Authenticating NT
David Collier-Brown
davecb at Canada.Sun.COM
Wed Aug 19 16:58:14 GMT 1998
Alan Angulo wrote:
> Current system:
> ---------------
> 1- I have one PDC NT server (NTPDC1) with its own domain (STUDENT_DOMAIN).
> NTPDC1 is the server containing NT apps needed by students. They access
> these apps via UNC or via drive: (i.e. net use H: \\NTPDC1\apps)
> 2- The students NT profiles are setup so they automatically connect to
> their home directories in Z: at \\jake\%username%.
> 3- I have one Unix box running samba (SAMBA01). The students home
> directories via [HOMES] accessed via NFS from other servers.
> Right now the students have to keep their passwords the same (all
> lower/upper cased).
>
> Problem:
> --------
> Maintaining two password databases for 6000 accounts
>
> Wish:
> -----
> I wish there was a way the students can authenticate in one place only.
> Can samba solve my problem.
Centralizing on one authentication system makes sense.
So, by the way, does avoiding samba->nfs->disk.
Right now, the easiest thing to do is to centralize
on one or the other OS, so as to obtain all the
services in a coherent manner.
Choice 1: have a samba server provide all the
services to a test client or two, and configure
Unix authentication to use whatever is your lab
standard (e.g., yellow pages, NIS, kerberos, etc.)

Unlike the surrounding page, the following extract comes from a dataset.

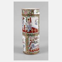 China, Mitte 20. Jh., am Boden undeutlich gemarkt, Porzellan in polychromer Emailbemalung mit reicher Goldstaffage, schlanker, zylindrischer Korpus umlaufend mit figürlichen Darstellungen verziert, gerahmt von floralem Rankwerk und Vogeldarstellungen, eingezogene Mündung, leichte Altersspuren, etwas berieben, H 32 cm.

test out all the client-side services, and come
up with a way for serving files without an
intermediate hop. The easy way is to move
the samba to the disks.
Provide file, & print services, profiles and
WINS/DNS. Then shift a subset of your clients
over and measure performance. (You'll be pleased)
Then move the rest. Convert the NT machines to Linux.
Choice 2: move to a pure NT environment.
Maybe have to buy stuff.
Choice 3: just push the authentication off to
NT via security=server, and see about
moving samba to the server where the disk are.
In the future, or if you feel like being a
beta-tester now, try the semi-experimental
PDC version of Samba, which will allow the
Samba machine to be a fileserver in the NT
domain.
--dave (I'm biased: guess which way) c-b
--
David Collier-Brown, | Cherish your enemies. They're harder to
185 Ellerslie Ave., | come by than friends and more motivated.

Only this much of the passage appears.